Clinical laboratories are receiving an increasing number of requests to perform routine testing on a wide range of body fluid types—other than serum, plasma, or urine—that assay manufacturers have not validated. Often times the lab approves these requests without appreciating the unique requirements of this type of testing. Labs have analyzed these off-label specimen types for years, and they have played an important role in diagnosing and managing a variety of diseases. But the patient safety risks were not fully realized until recently, and additional regulatory requirements are adding a new layer of complexity.

Clinical laboratories may now find themselves asking if continuing to provide this service is worth the extra effort required to maintain regulatory compliance. However, despite the difficulties of off-label body fluid testing, it remains a powerful clinical tool when used appropriately and the risks are recognized and reduced. In addition to ensuring that the test performance characteristics are adequate for the intended use, laboratories also can improve patient safety by engaging with the clinical team to improve appropriate test utilization and result interpretation.

What Are Off-Label Body Fluids?

Off-label body fluids refer to any fluid type other than those cited by the manufacturer of a Food and Drug Administration (FDA)-cleared method in the “Intended Use” portion¬≠ of a product insert (1). They are not derived from blood or urine and include cerebrospinal fluid (CSF), serous fluids (pleural, peritoneal, and pericardial), synovial fluid, and drainage and dialysis fluids, among others. The pathological accumulation of these body fluids occurs due either to increased production or reduced rate of absorption. Each fluid type has a unique composition and generally is considered to be an irreplaceable specimen since collection is often invasive.

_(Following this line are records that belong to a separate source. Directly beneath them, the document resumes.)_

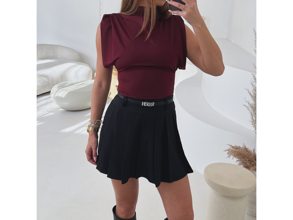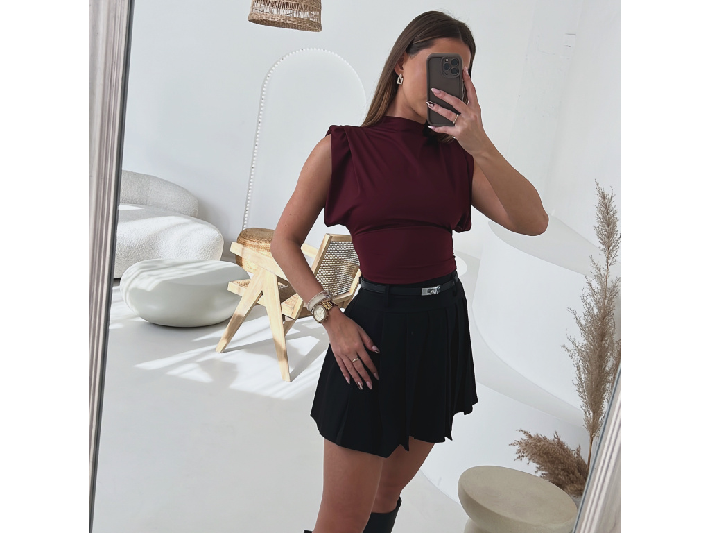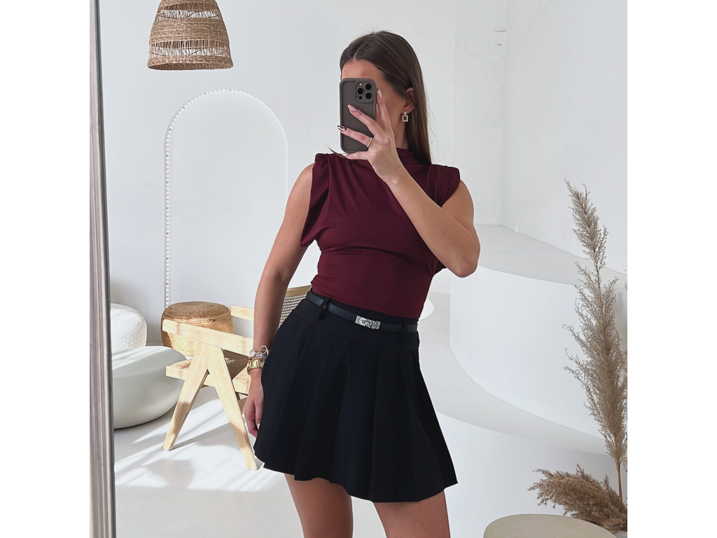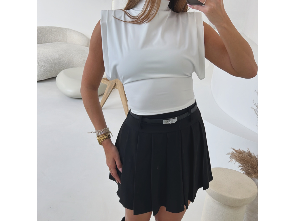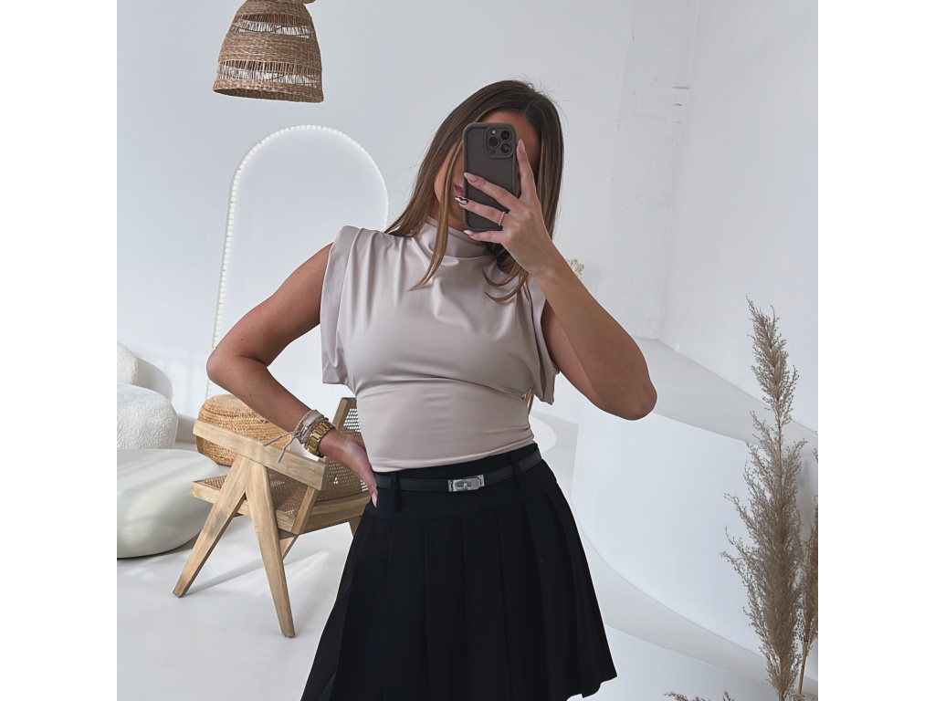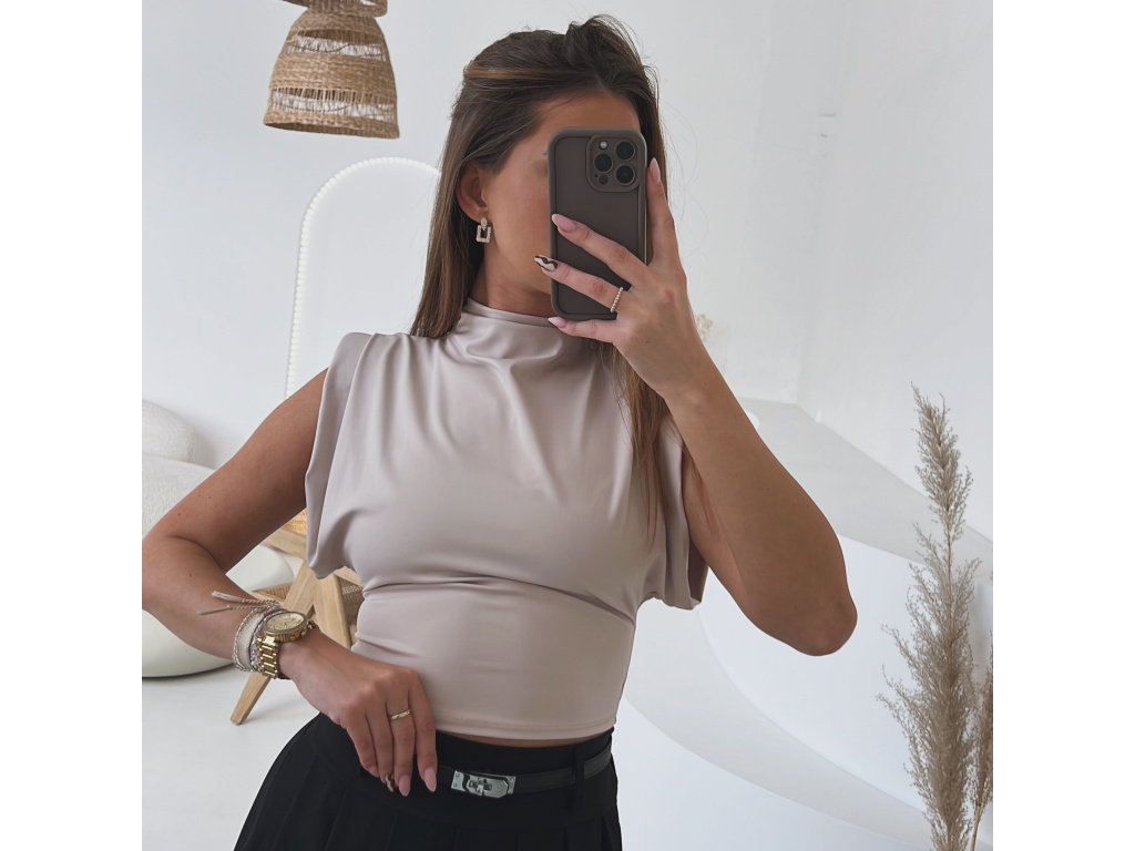 Elegantní top s výraznou siluetou ramen dodá tvému outfitu šmrnc i eleganci. Má jemné vycpávky v ramenou, zapínání za krkem na zlatý knoflík a je ušit z elastického, příjemného materiálu, který krásně obepne postavu. Skvěle se kombinuje se sukní, kalhotami i sakem – ideální volba pro stylové dny i večerní příležitosti.
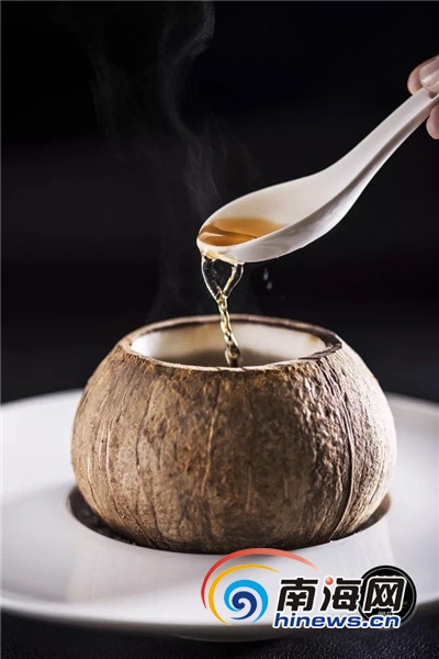 椰子八寶雞湯,選用的椰子十分有講究,要用生長期為180天至200天的海南老椰子,煨出的雞湯才能掛上淡淡的椰香。其間的桂圓干“一定要連殼燉,才不會過于甜膩。”
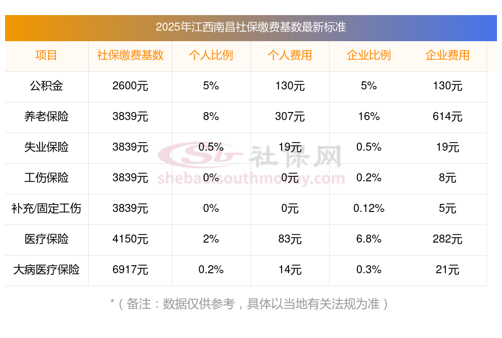 (1)据新社通app-查阅了解到,社保基数是根据职工上一年1月至12月所有工资性收入所得的月平均额而定,其用于计算缴纳社会保险费的工资基数。 目前该江西南昌社保的缴费基数为:3839.00,个人费用约为:307.12元,企业费用约为:614.24元。
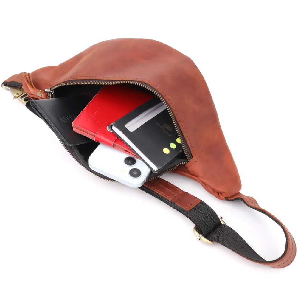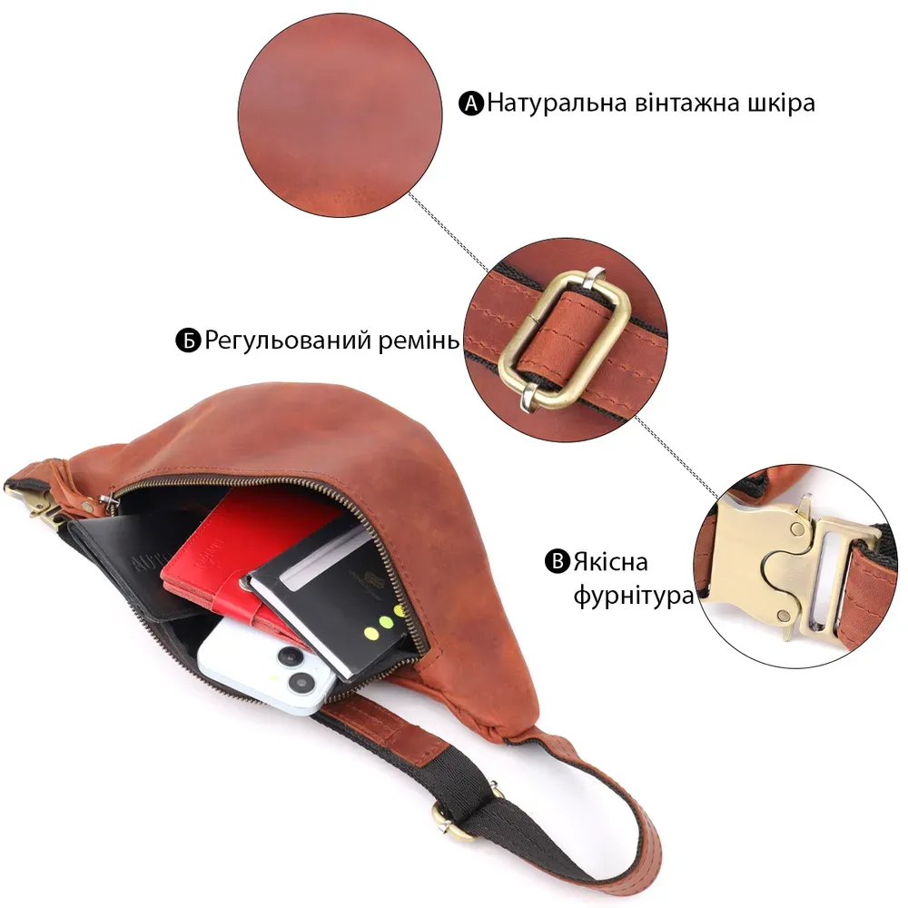 Ця сумка зручна у повсякденному використанні: основне відділення на блискавці, та додаткова кишеня для дрібниць, регульований ремінь зі шкіри та текстилю. Ви можете носити її як на грудях, так і на поясі, що особливо зручно у міському ритмі чи подорожах.
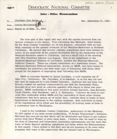 Materials collected by the office of President John F. Kennedy's secretary, Evelyn Lincoln, concerning the weekly activities of the Democratic National Committee (DNC), includes material on Mexican-American voters in California and Texas
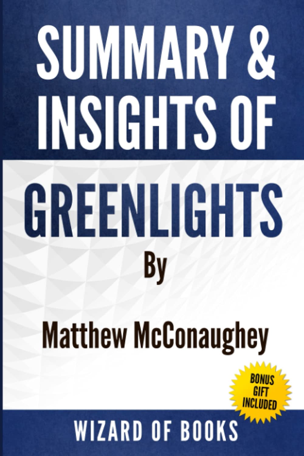SUMMARY & INSIGHTS Greenlights is the first book written and published by renowned artist, Matthew McConaughey, which some of his significant achievements in the film industry were Best Breakthrough Performance in the MTV Movie Awards for A Time to Kill, Oscars Best Actor, Academy Awards Best Actor, Golden Globe Best Actor, Critics' Choice Movie Award Best Actor all for Dallas Buyers Club. He would refer to it not as a book of advice, not a book about how to do something, but an "inventory" of his life. Readers will see how, in the past 50 years, Matthew fared through life including the challenges it presented, the comforts it gave him, and the lessons it taught him. Discover How To… ✓ Have a different perspective in life in order to achieve the highest form of freedom! ✓ Overcome adversity gracefully and have a deeper appreciation for different lessons in life! ✓ Become self-sufficient mentally and emotionally and become unstoppable! ✓ And MORE! This Summary & Insights guide is meant to supplement your understanding and knowledge about Greenlights by Matthew McConaughey. This guide is NOT the original book and it is NOT meant to replace the original book. Don’t Have The Time To Read Hundreds Of Pages? NO PROBLEM! Wizard Of Books Series Is Designed To Summarize and Shed Light On The Golden Nuggets Contained In Each Book! – Even Better, You Don’t Need To Spend HOURS Reading It! An Overview of what you’ll discover in Wizard Of Books Summary & Insights series. * Detailed “Bird’s Eye View” Summary of the original book * History and Background About The Author * Important Takeaways from each chapter * Chapter-by-chapter break down analysis & Synopsis * Engaging Trivia Questions Of The Book In A Nutshell * Trivia Questions For Each Chapter Of The Book – To Help You Retain The Understanding And Knowledge Of Important Golden Nuggets * How you can apply it in your life and where to carry on from here! … AND MORE!
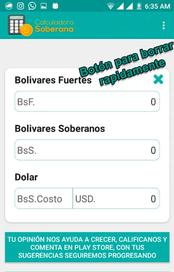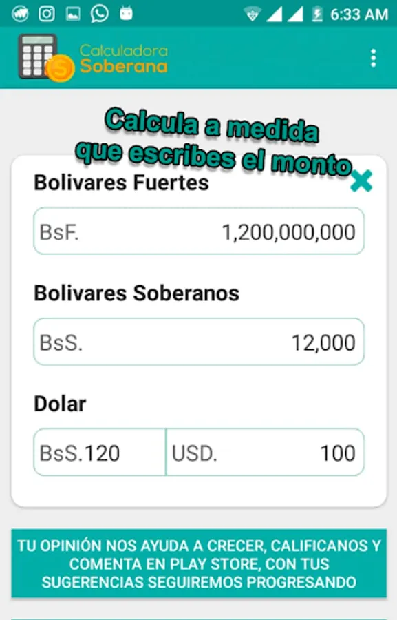 From August 20 comes the monetary reconversion so we bring you an app that allows you to quickly and easily make your changes and calculations from bsF to bsS or inverse facilitating in this way the Venezuelans a quick and easy adaptation, in this way errors or discomforts will be avoided.
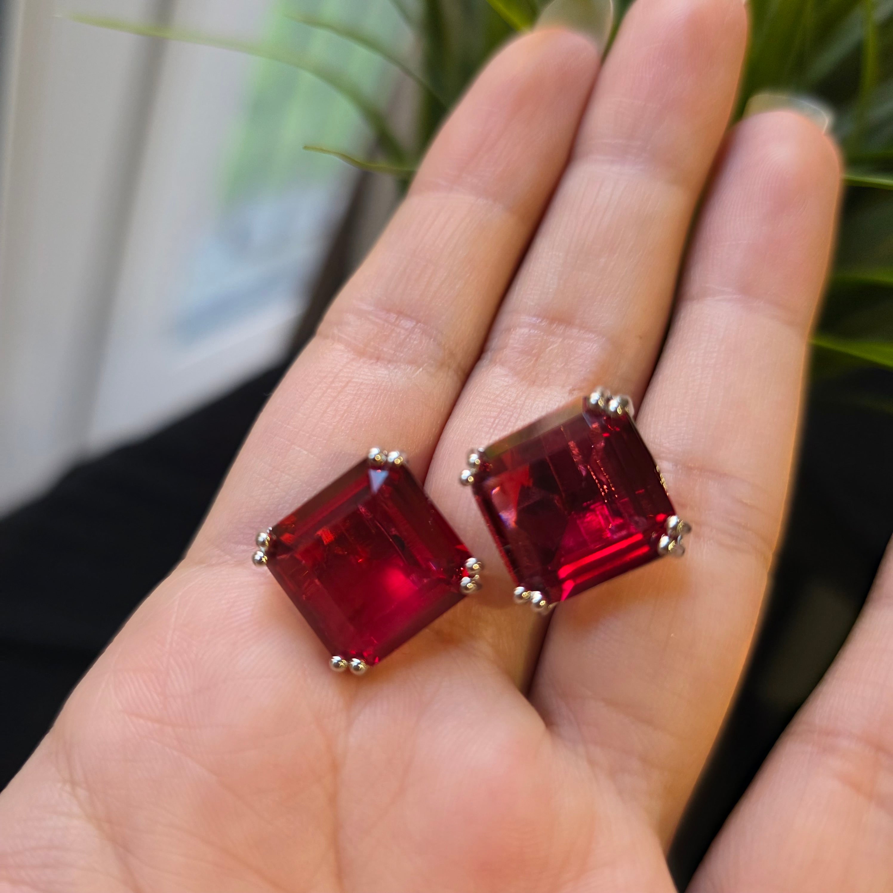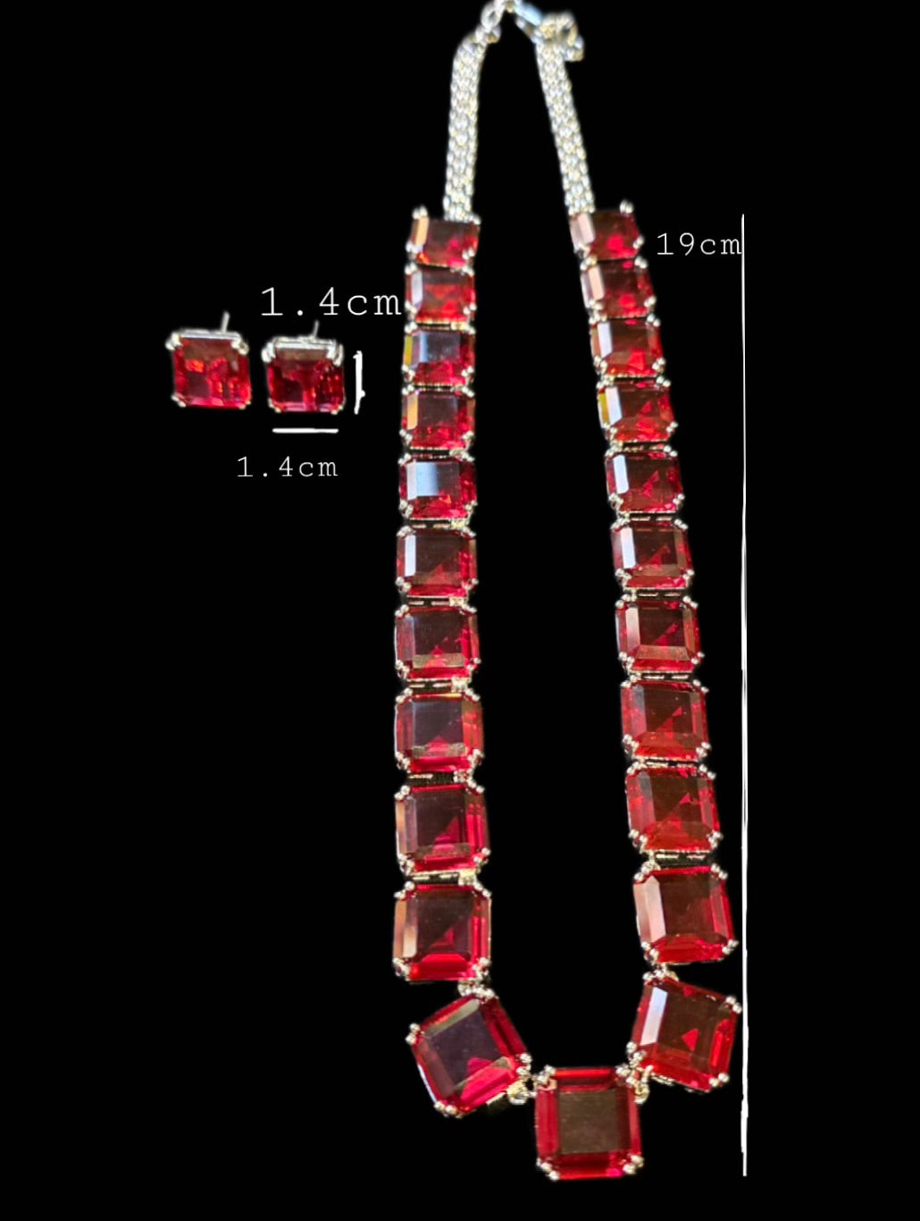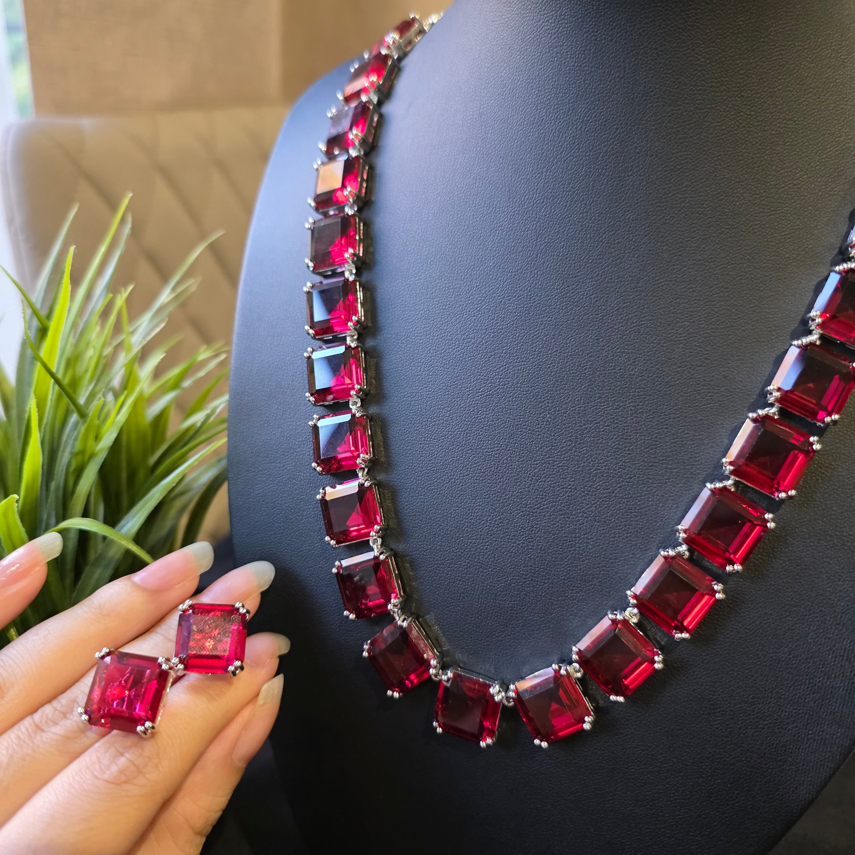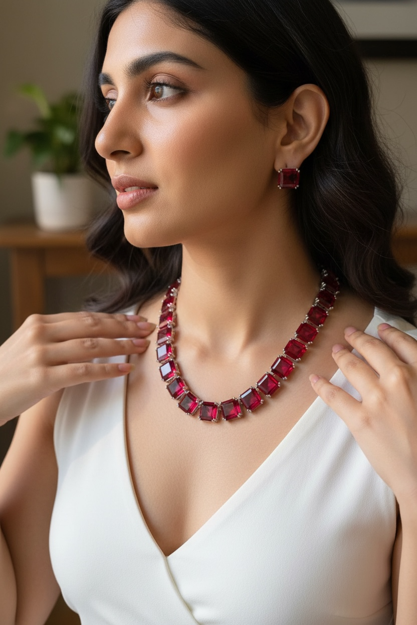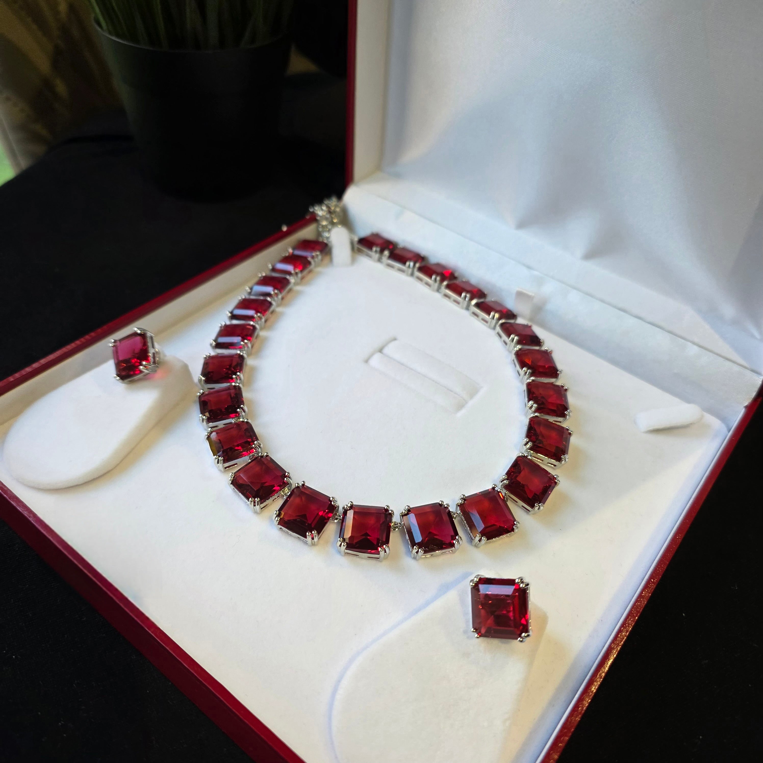 Introducing this exquisite piece featuring fiery Red Rubies (lab-made) Necklace paired with matching Earrings.

What Are Some of the Challenges Associated With Off-Label Body Fluid Testing?

Until recently, off-label body fluid testing could be performed without as many of the rigorous safeguards that typically apply to other in vitro diagnostics. Regulatory agencies only recently began to appreciate the unique nature of each body fluid type and the impact that these variations in chemical composition (proteins, electrolytes, lipids, pH, etc.) can have on assay performance. Now laboratories are required to evaluate and document the performance characteristics of each fluid type to ensure that it is adequate for the intended use.

Although some of the general rules for serum and urine specimens can be applied, numerous challenges exist when validating these off-label specimen types, such as gathering enough rare samples, verifying a wider range of analyte concentrations, finding an alternate method for comparison, and determining reference intervals—despite the fact that healthy subjects do not donate body fluids requiring invasive collections.

Other challenges include a lack of matrix-matched quality control materials, information regarding specimen stability, and pertinent scientific literature sources for establishing reference ranges and clinical utility. Laboratories must critically analyze the limited published studies available because they may not be transferable to the lab’s testing protocols and patient populations.

Is There Guidance Available for Off-Label Body Fluid Testing?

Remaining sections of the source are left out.